As shown in FIGS. 1 and 2, the valve body 10 is formed with a pilot passage 31. The pilot passage 31 is provided with an electromagnetic on/off valve (hereafter, simply referred to as an electromagnetic valve) 32 for opening operation of the operation check valve 21 at the time of downward movement of the lift cylinder 3. One end of the pilot passage 31 is communicated with a pilot chamber 24 of the operation check valve 21, and the other end thereof is communicated with a part of the main passage 12 which is located between the spool valve 11 and the operation check valve 21.

The electromagnetic valve 32 is designed to be open such that a ball valve 32b is moved apart from the seat when a solenoid 32a is energized, and closed such that the ball valve 32b is depressed onto the seat by a spring 32c when the solenoid is non-energized. Further, it is set such that it is energized only when a key switch is in an on-state and the spool valve 11 is operated to be in the downward movement position, and it is not energized in other conditions including an off-state of the key switch.

The main passage 12 is formed with another orifice 26 (hereafter, referred to as a second orifice) that is located between a communicated part 12b to the pilot passage 31 and the operation check valve 21 and that is larger in passage area than the first orifice 23.

In this embodiment adapted or directed to the battery type forklift, a motor (not shown in the drawings) for driving the pump 13 is activated based on a detection signal of spool position detecting limit switches 16U and 16D that detect operation of the spool 11a from the illustrated neutral position to the upward movement position or the downward movement position.

Therefore, if the spool 11a is operated to be in the upward movement position so that the main passage 12 is communicated with the pump passage 13a, the pressure of the working oil supplied from the hydraulic pump 13 acts on a corn portion 22a of the puppet 22. At this time, since the electromagnetic valve 32 is closed, the pressure causes the working oil within the pilot chamber 24 to flow out from the first orifice 23 through the main passage 12 to the bottom chamber of the lift cylinder 3 to open the puppet 22. After the opening, the presence of the first orifice 23 prevents the pressure within the pilot chamber 24 from reaching the pump pressure and keeps the opening state of the puppet 22. Accordingly, the fork 2 is moved upward together with the lift cylinder 3.

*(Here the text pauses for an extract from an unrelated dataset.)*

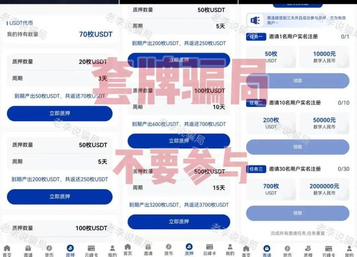 冒用“香港云峰金融集團(tuán)”名義制作假冒APP,以“質(zhì)押虛擬幣賺取收益”為誘餌,吸引不明真相的參與者。

If the spool 11a is returned to the neutral position after the upward movement, the operation check valve 21 is closed so as to hold the fork 2 at the upwardly moved position.

If the spool 11a is operated to be in the downward movement position, the main passage 12 is communicated with the tank passage 14a. At this time, since the electromagnetic valve 32 is energized to be opened, the pilot passage 31 is communicated with the main passage 12. Therefore, the working oil within the lift cylinder 3 flows out from the first orifice 23 through the pilot chamber 24, the pilot passage 31 and the electromagnetic valve 32 to the main passage 12. Concurrently, a pressure difference is generated between the upstream side and the downstream side of the first orifice 23. That is, the pressure in the main passage 12 side becomes higher than that in the pilot chamber 24.

For this reason, as shown in FIG. 3, the puppet 22 is depressed and opened against the spring 25 by the pressure acting on a surface of the corn portion 22a which faces the main passage 12. Consequently, the puppet 22 is opened, and the working oil within the lift cylinder 3 flows out to the tank 14 so that the fork 2 is moved downwardly together with the lift cylinder 3.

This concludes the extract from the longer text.